Abstract
Objectives
Polycystic ovary syndrome (PCOS) increases non-alcoholic fatty liver disease (NAFLD) risk and severity in adults, but data in adolescents with diverse backgrounds are limited. We evaluated NAFLD prevalence and characterized NAFLD risk factors in overweight/obese adolescents by PCOS status.
Methods
Retrospective study of overweight (n=52)/obese (n=271) female adolescents (12–18 years old), evaluated clinically 2012–2020, was conducted comparing PCOS patients to age-matched non-PCOS controls. NAFLD was defined as ALT≥44U/L x2 and/or ≥80U/L x1, hepatic steatosis on imaging, or NAFLD on biopsy, in absence of other liver disease.

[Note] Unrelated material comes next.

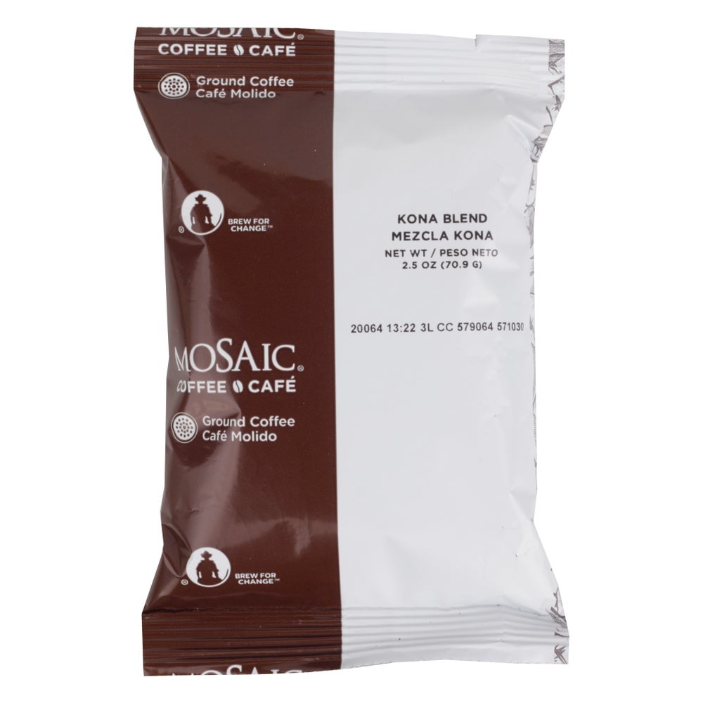 Mosaic Kona Blend Ground Coffee, 100% Arabica, 2.5 Oz Package, 48/Case

Metabolic comorbidities were captured. Log-binomial regression models estimated prevalence risk ratios (PR).
Results
NAFLD prevalence was 19.1 % in adolescents with PCOS (n=161), similar to those without (n=162) (16.8 %, p=0.6). Adolescents with PCOS were more likely to have insulin resistance, hypercholesterolemia, and higher triglycerides (p<0.05). Those with PCOS and concomitant type 2 diabetes (T2DM) did have increased NAFLD risk (PR 2.5, p=0.04), but those with PCOS without T2DM did not (PR 0.9, p=0.8). Adolescents with PCOS and NAFLD, compared to those with PCOS without NAFLD, had a higher prevalence of metabolic comorbidities including hypercholesterolemia (77 vs. 48 %), T2DM (29 vs. 8 %), and hypertriglyceridemia (65 vs. 37 %) (p<0.01).
Conclusions
Almost 1 in 5 overweight/obese female adolescents had NAFLD, but PCOS did not increase NAFLD risk in this diverse cohort. Among young women with PCOS, concomitant T2DM did increase the risk for NAFLD. Closer monitoring of obesity comorbidities in adolescents with PCOS is essential for optimizing health and merits updating current guidelines.
Keywords: NAFLD, non-alcoholic fatty liver disease, PCOS, pediatric NAFLD, polycystic ovary syndrome, type 2 diabetes
Introduction
Non-alcoholic fatty liver disease (NAFLD) is the most common chronic liver disease in children and is present in nearly 20 % of adolescents aged 15–19 years old [1, 2]. Children with NAFLD have increased morbidity and mortality in adulthood. Recently, NAFLD became the fastest growing indication for liver transplantation among young adults and the leading indication for liver transplant in women in the United States [3], [4], [5].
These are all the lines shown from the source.